Doctora Cordero 01

“Cuando ejercí como médico hice un raspaje”, es parte de las revelación en el manifiesto de la doctora María Luisa Cordero en Reportajes de La Tercera.

La siquiatra admite que está “a favor de que se legalicen algunas causales del aborto, aunque la palabra en sí no me gusta. Me tocó recibir a mujeres que llegaban con pedazos de palos, palillos o raíces de perejil por un aborto en curso. Recuerdo a una mujer que se hizo un aborto en la fuente de soda en que trabajaba. Me preguntó qué iba a ser de ella ahora. Sólo le conteste que la iba a raspar. Ella se asustó y pensó que la iba a demandar, pero le dije que no y que dijera la siguiente mentira: perdí mi guagüita porque levanté una java de cerveza en la fuente de soda. También le pedí que no se atreviera a decir que se hizo un aborto provocado, porque me iba a meter en un forro. Lo hicimos y se fue. Me marcó tanto, que hice un cuento sobre esa historia”.

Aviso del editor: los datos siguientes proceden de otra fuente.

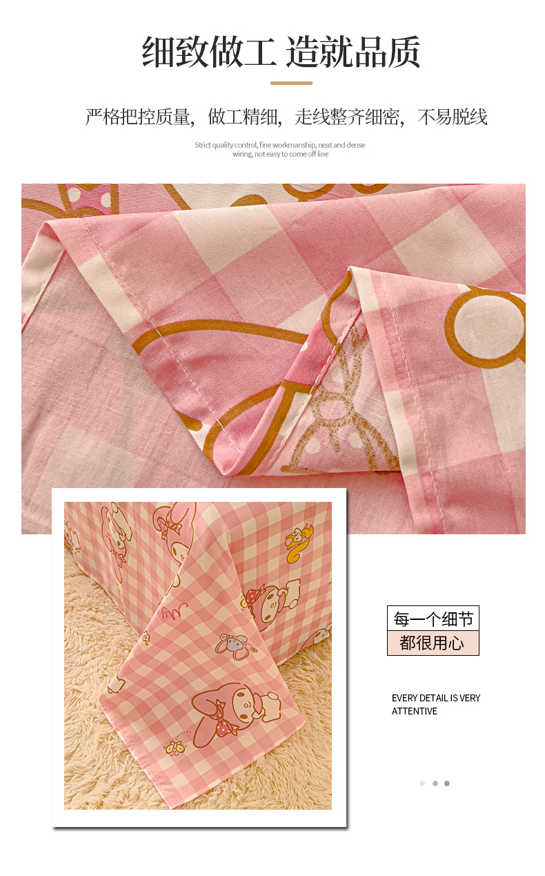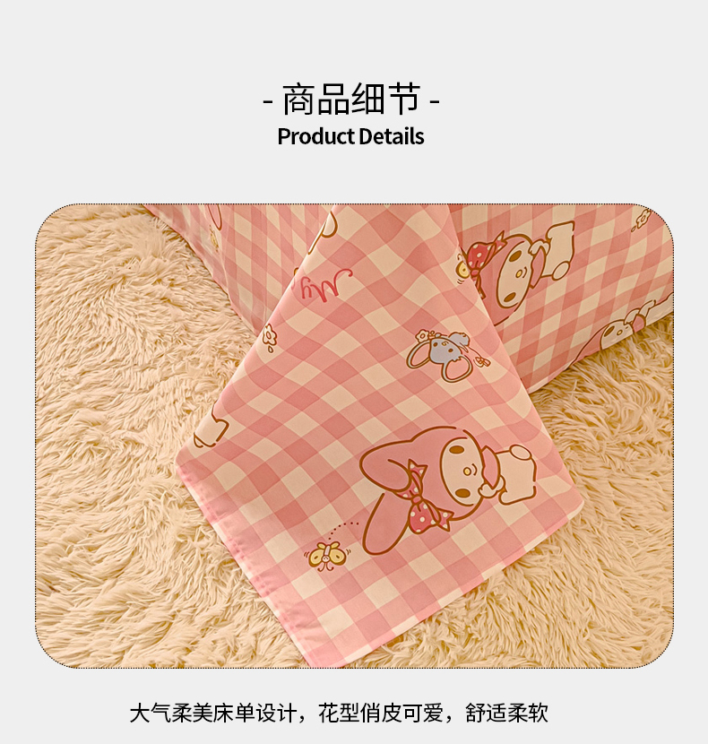 商品名称:金丝鸟家纺 2024新款全棉三丽鸥系列床单 田格兔

Cuenta que eligió su especialidad, porque en el fondo es una persona muy culposa.

“Me veo muy segura y con un discurso demoledor, pero tengo unas culpas terribles. Siempre he vivido con miedo de meter las patas. Me da miedo matar una persona, por ejemplo, o que mi acto pueda matar a alguien. Por eso me pregunté dónde podía ejercer sin matar a nadie, y elegí la psiquiatría. Ahí se suicidan por su cuenta, pero yo no los voy a matar. Suena pavoroso, pero es mejor ser así”.

Sobre sus colores políticos, confiesa que de joven estuvo metida en el tema. “Formé parte de la DC en la Universidad Católica que, en mis años, era como ser del Frente Patriótico Manuel Rodríguez. Tuve una revista que repartía en mi escuela y que tenía cierto contenido erótico e irónico. Tanto incomodaba, que una vez Jaime Guzmán me paró y me dijo que yo era una señorita, por ende, no podía estar vendiendo ese pasquín. Le contesté que en cuestión de gustos no había nada escrito y que yo, a diferencia de él, amaba al Cristo que andaba caminando por la calle y que fue amigo de prostitutas y publicanos. El, con toda su vanidad andante, se dio media vuelta y se fue”.

Dice que cerró su consulta “después de las cámaras ocultas de En la mira en agosto de 2003. Hoy atiendo en mi casa y me va bastante bien”.

Costumbres femeninas

Relata que teje, porque cuando no lo hace se empieza a comer los dedos. “No voy a negarlo: a mí me gusta el show y soy media exhibicionista -por eso me gusta la tele-, pero también necesito mis espacios de relajo que encuentro cuando tejo. Aunque también hay una cosa revolucionaria en esto: no solamente abrimos las patas, tenemos amigos con ventajas, vamos a baby showers, after office y tomamos como carretoneras; también sabemos tejer. Ese discurso que tengo tiene una cosa pasiva-agresiva: es un testimonio de que lo femenino no es lo que se está usando ahora. Tejer te hace ser más señorita y no tiene nada contraproducente. Nadie pierde con aprender a tejer”.